### Required action
Only the lines below from the one containing "Fabricado em aço" through the one containing "These pink slippers" belong in the answer, set down exactly, with the pictures left out.
*** Opening of Records provided ***
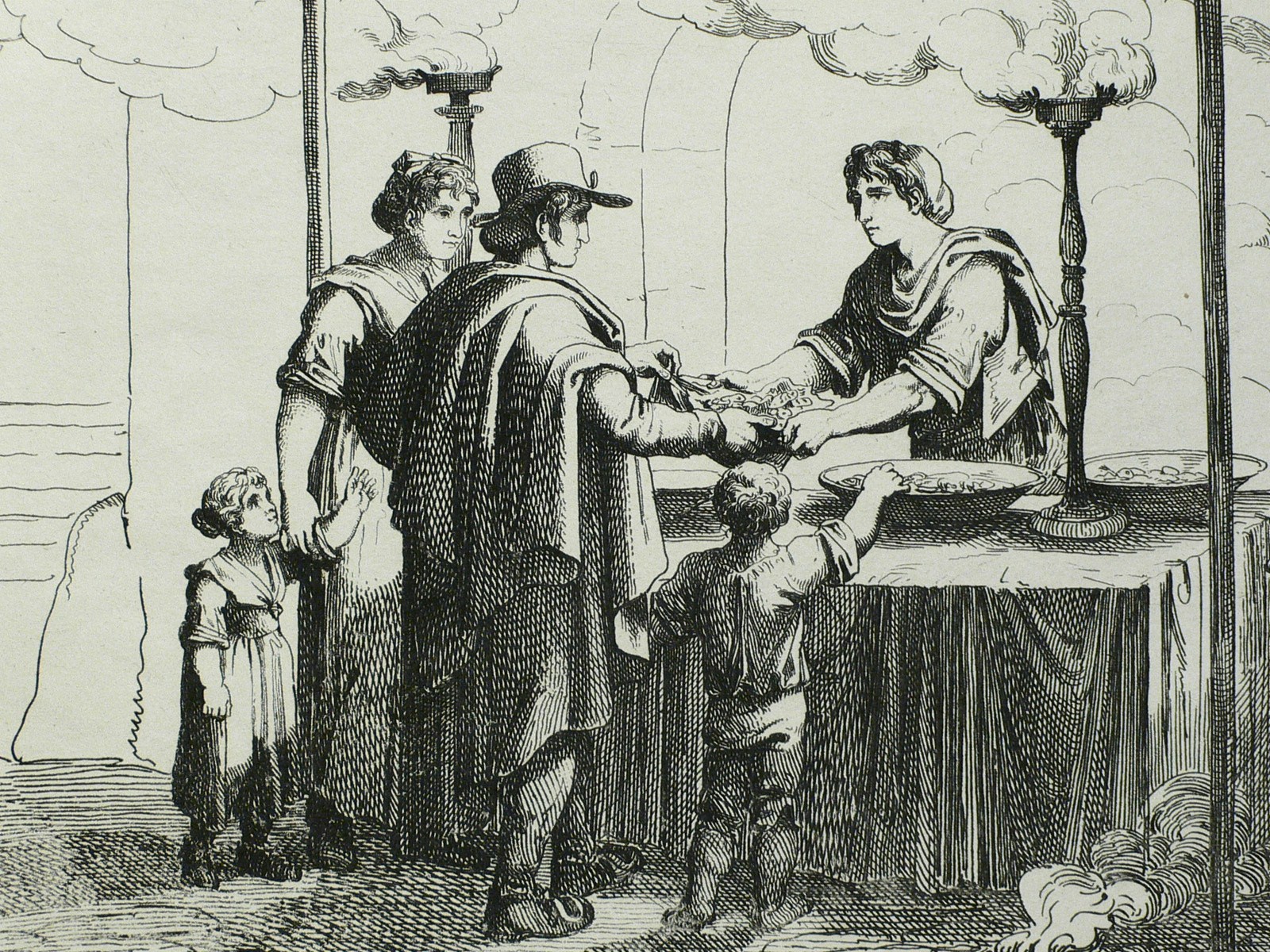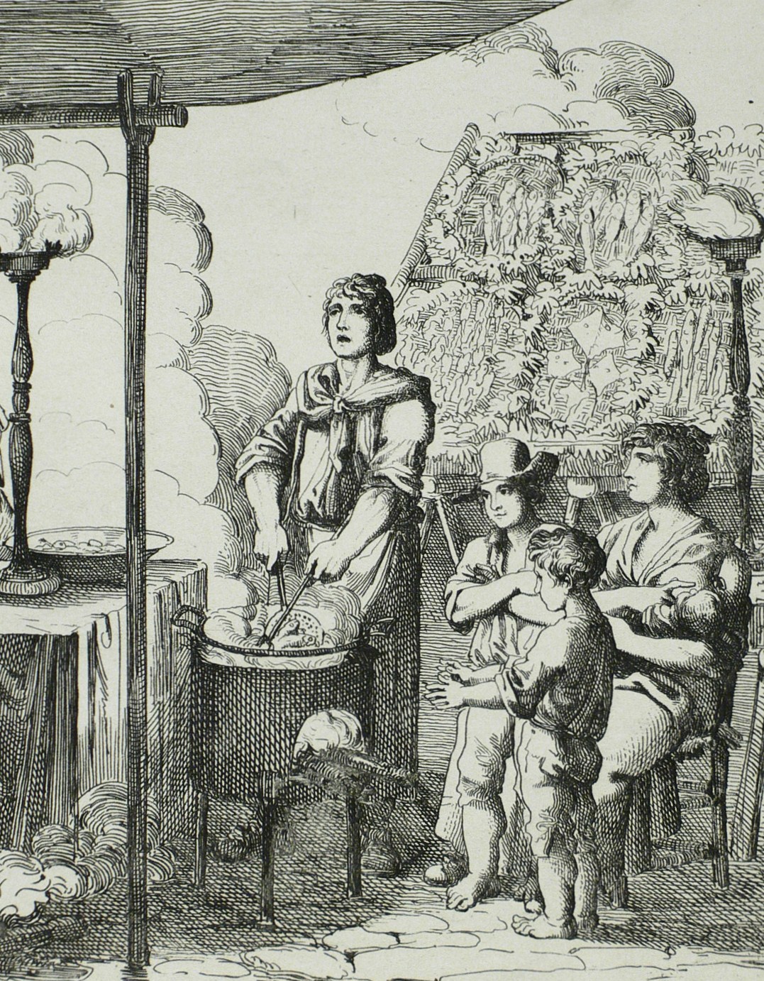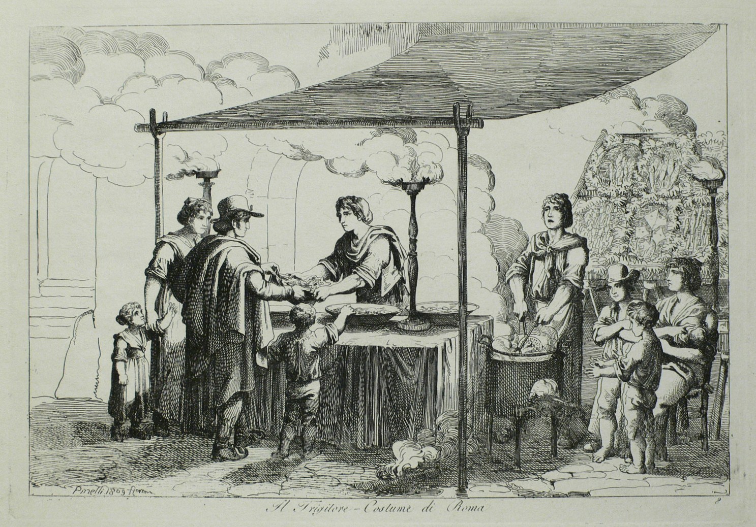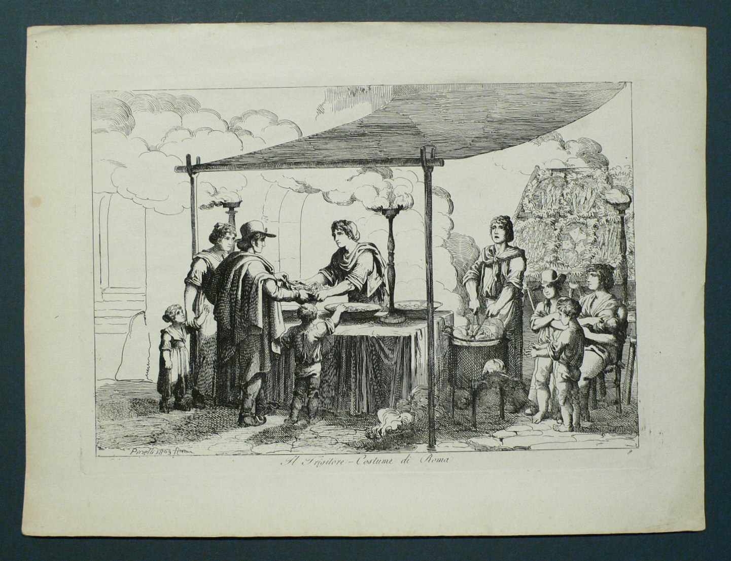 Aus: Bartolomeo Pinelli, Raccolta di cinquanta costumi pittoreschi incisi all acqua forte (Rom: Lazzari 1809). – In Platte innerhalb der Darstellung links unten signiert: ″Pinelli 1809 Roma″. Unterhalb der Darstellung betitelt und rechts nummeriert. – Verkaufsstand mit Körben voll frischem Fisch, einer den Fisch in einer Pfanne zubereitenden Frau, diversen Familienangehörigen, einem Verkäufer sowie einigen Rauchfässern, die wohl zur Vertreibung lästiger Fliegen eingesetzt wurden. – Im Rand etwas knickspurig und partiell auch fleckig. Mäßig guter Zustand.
*** Close of Records provided ***
*** Opening of Records provided ***
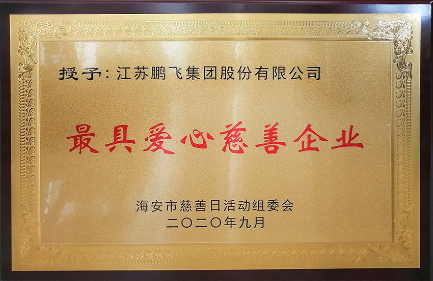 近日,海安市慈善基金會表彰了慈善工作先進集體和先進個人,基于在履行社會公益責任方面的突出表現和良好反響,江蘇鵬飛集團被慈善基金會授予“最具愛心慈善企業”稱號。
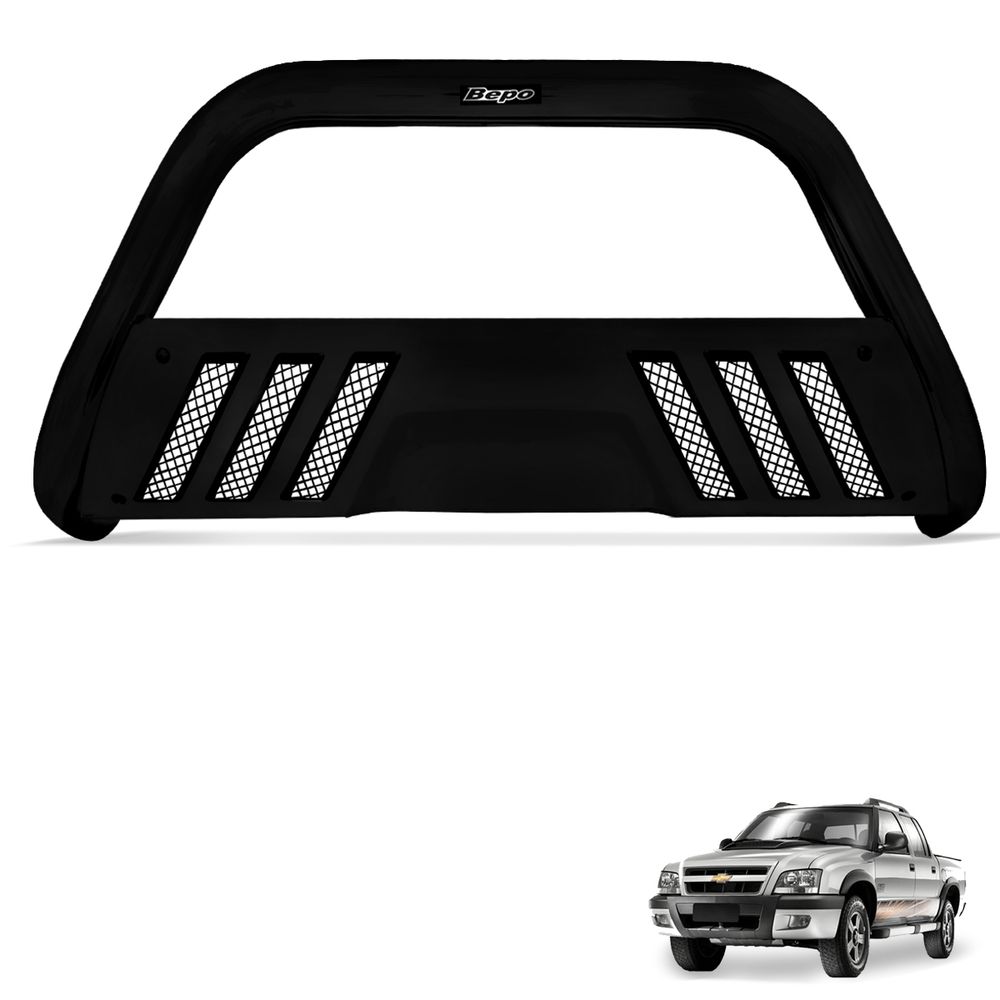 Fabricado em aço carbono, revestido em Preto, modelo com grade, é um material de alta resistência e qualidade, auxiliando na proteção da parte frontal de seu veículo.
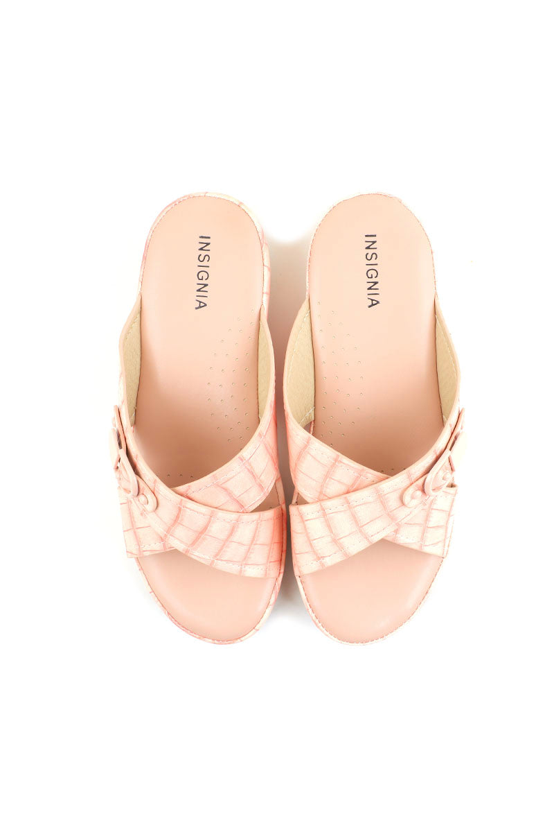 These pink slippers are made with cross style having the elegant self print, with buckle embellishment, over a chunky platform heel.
*** Close of Records provided ***
*** Opening of Records provided ***
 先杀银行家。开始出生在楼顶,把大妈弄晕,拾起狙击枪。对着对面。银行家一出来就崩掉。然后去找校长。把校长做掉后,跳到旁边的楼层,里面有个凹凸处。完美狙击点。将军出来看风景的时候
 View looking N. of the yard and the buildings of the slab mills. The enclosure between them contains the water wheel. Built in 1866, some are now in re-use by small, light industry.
*** Close of Records provided ***
### Finished exercise
 Fabricado em aço carbono, revestido em Preto, modelo com grade, é um material de alta resistência e qualidade, auxiliando na proteção da parte frontal de seu veículo.
 These pink slippers are made with cross style having the elegant self print, with buckle embellishment, over a chunky platform heel.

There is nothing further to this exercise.